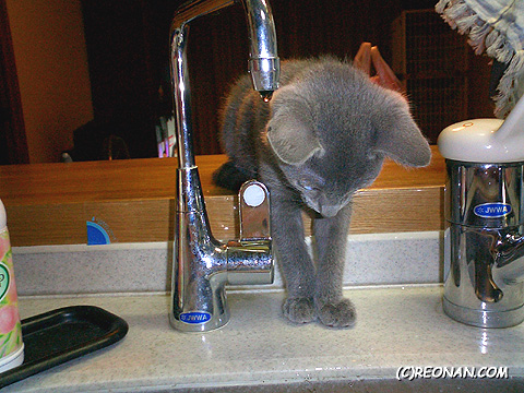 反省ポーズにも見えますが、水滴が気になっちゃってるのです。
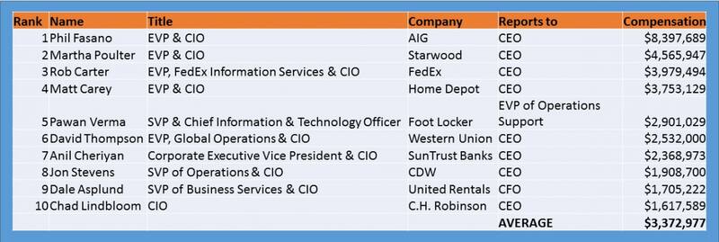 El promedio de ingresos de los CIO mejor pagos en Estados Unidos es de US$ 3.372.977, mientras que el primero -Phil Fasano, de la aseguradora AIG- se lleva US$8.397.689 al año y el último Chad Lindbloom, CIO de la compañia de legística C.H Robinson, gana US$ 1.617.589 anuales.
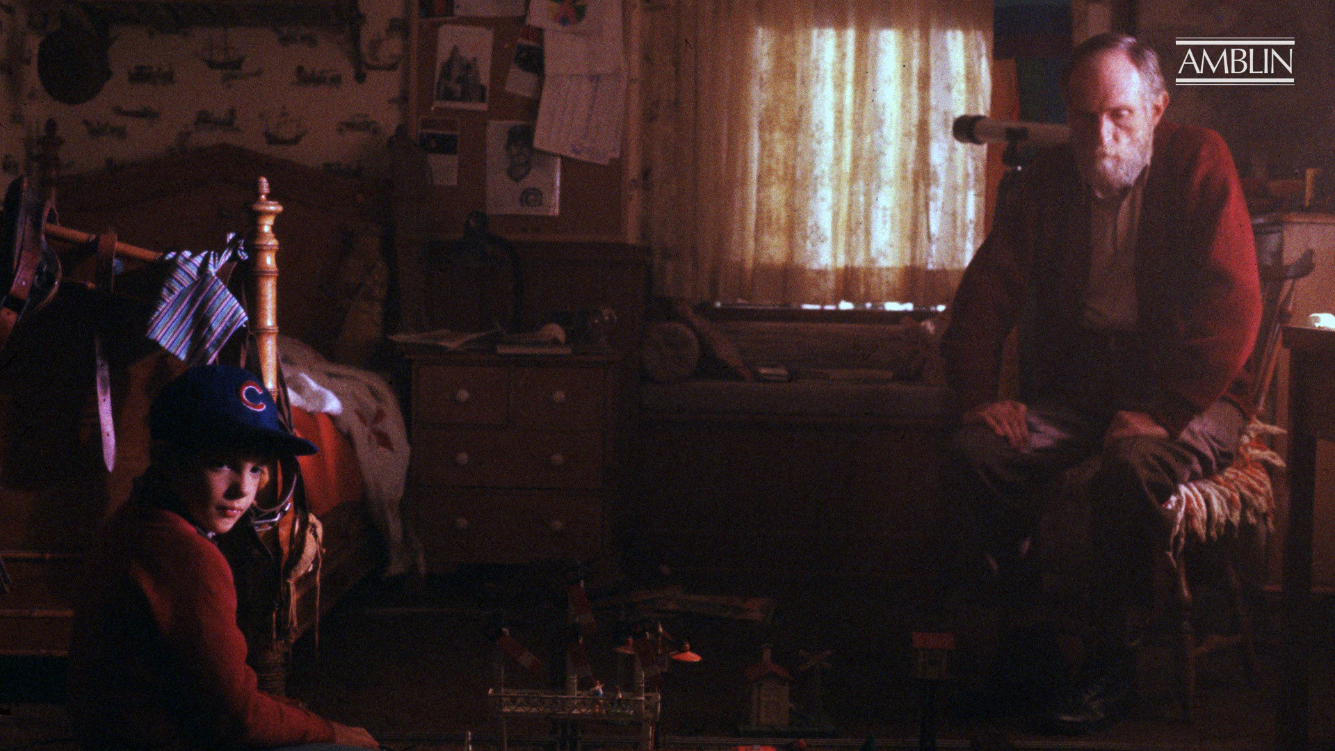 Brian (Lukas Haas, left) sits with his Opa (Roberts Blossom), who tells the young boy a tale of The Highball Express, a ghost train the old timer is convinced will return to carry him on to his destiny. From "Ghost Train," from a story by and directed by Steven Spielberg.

→ **Assignment**
Word for word, reproduce all of the data, but keep out the pictures.

→ **Answer section**
 反省ポーズにも見えますが、水滴が気になっちゃってるのです。
 El promedio de ingresos de los CIO mejor pagos en Estados Unidos es de US$ 3.372.977, mientras que el primero -Phil Fasano, de la aseguradora AIG- se lleva US$8.397.689 al año y el último Chad Lindbloom, CIO de la compañia de legística C.H Robinson, gana US$ 1.617.589 anuales.
 Brian (Lukas Haas, left) sits with his Opa (Roberts Blossom), who tells the young boy a tale of The Highball Express, a ghost train the old timer is convinced will return to carry him on to his destiny. From "Ghost Train," from a story by and directed by Steven Spielberg.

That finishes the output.